Record extracts:
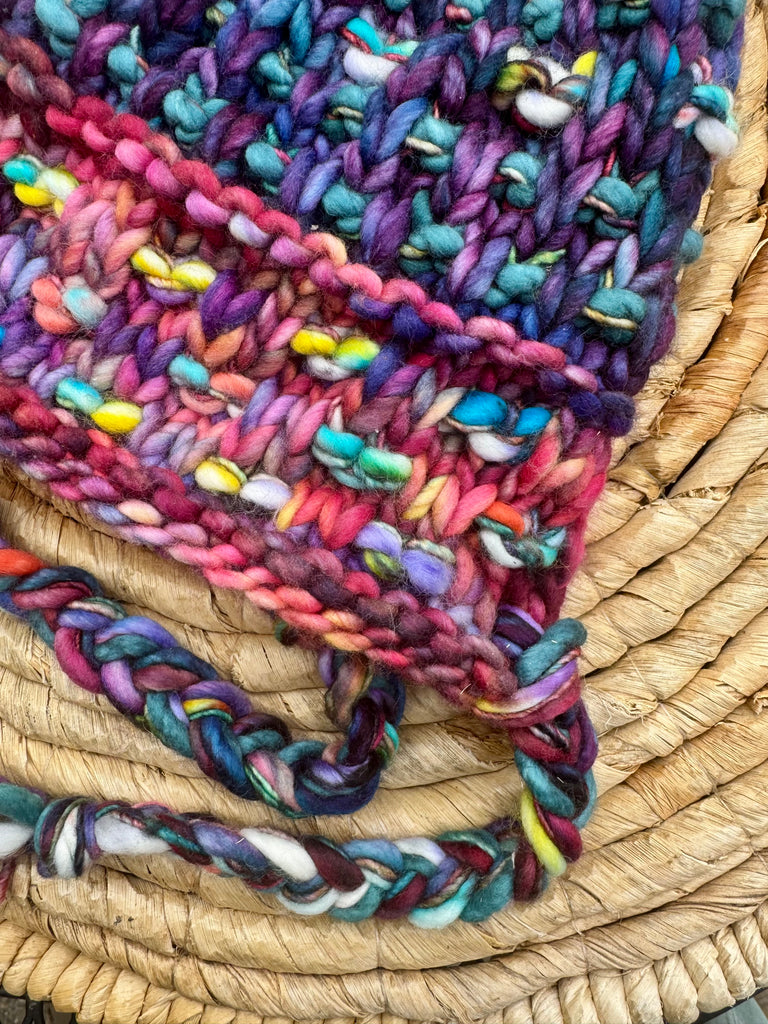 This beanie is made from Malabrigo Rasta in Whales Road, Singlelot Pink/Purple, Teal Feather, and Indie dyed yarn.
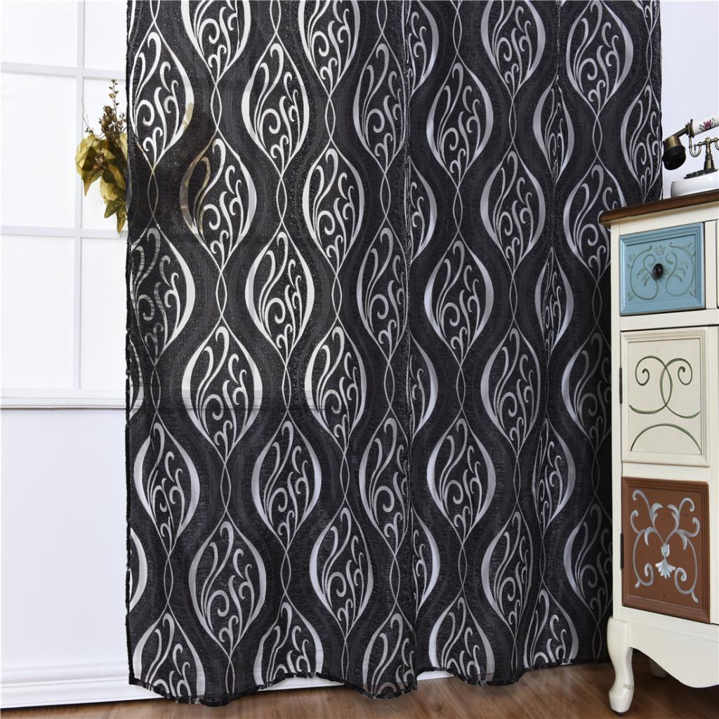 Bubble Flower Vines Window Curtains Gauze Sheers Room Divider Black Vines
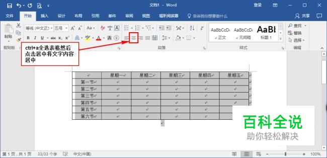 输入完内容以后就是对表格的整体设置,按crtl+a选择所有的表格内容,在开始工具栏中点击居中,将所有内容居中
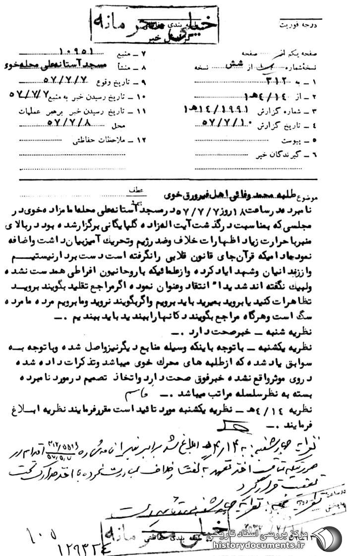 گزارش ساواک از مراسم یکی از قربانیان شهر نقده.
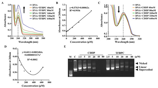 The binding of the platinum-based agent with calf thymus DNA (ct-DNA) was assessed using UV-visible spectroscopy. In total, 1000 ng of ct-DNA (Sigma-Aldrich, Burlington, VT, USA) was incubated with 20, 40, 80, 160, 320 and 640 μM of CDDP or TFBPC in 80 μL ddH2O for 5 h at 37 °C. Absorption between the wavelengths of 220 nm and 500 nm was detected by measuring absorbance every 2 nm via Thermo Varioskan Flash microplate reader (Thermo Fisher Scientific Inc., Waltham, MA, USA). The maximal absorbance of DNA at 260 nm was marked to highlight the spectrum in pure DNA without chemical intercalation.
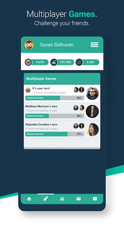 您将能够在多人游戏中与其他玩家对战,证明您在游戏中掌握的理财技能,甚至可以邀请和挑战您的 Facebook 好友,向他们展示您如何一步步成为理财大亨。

What the exercise asks:
Copy out the data exactly and keep the pictures out.

Response to this task:
 This beanie is made from Malabrigo Rasta in Whales Road, Singlelot Pink/Purple, Teal Feather, and Indie dyed yarn.
 Bubble Flower Vines Window Curtains Gauze Sheers Room Divider Black Vines
 输入完内容以后就是对表格的整体设置,按crtl+a选择所有的表格内容,在开始工具栏中点击居中,将所有内容居中
 گزارش ساواک از مراسم یکی از قربانیان شهر نقده.
 The binding of the platinum-based agent with calf thymus DNA (ct-DNA) was assessed using UV-visible spectroscopy. In total, 1000 ng of ct-DNA (Sigma-Aldrich, Burlington, VT, USA) was incubated with 20, 40, 80, 160, 320 and 640 μM of CDDP or TFBPC in 80 μL ddH2O for 5 h at 37 °C. Absorption between the wavelengths of 220 nm and 500 nm was detected by measuring absorbance every 2 nm via Thermo Varioskan Flash microplate reader (Thermo Fisher Scientific Inc., Waltham, MA, USA). The maximal absorbance of DNA at 260 nm was marked to highlight the spectrum in pure DNA without chemical intercalation.
 您将能够在多人游戏中与其他玩家对战,证明您在游戏中掌握的理财技能,甚至可以邀请和挑战您的 Facebook 好友,向他们展示您如何一步步成为理财大亨。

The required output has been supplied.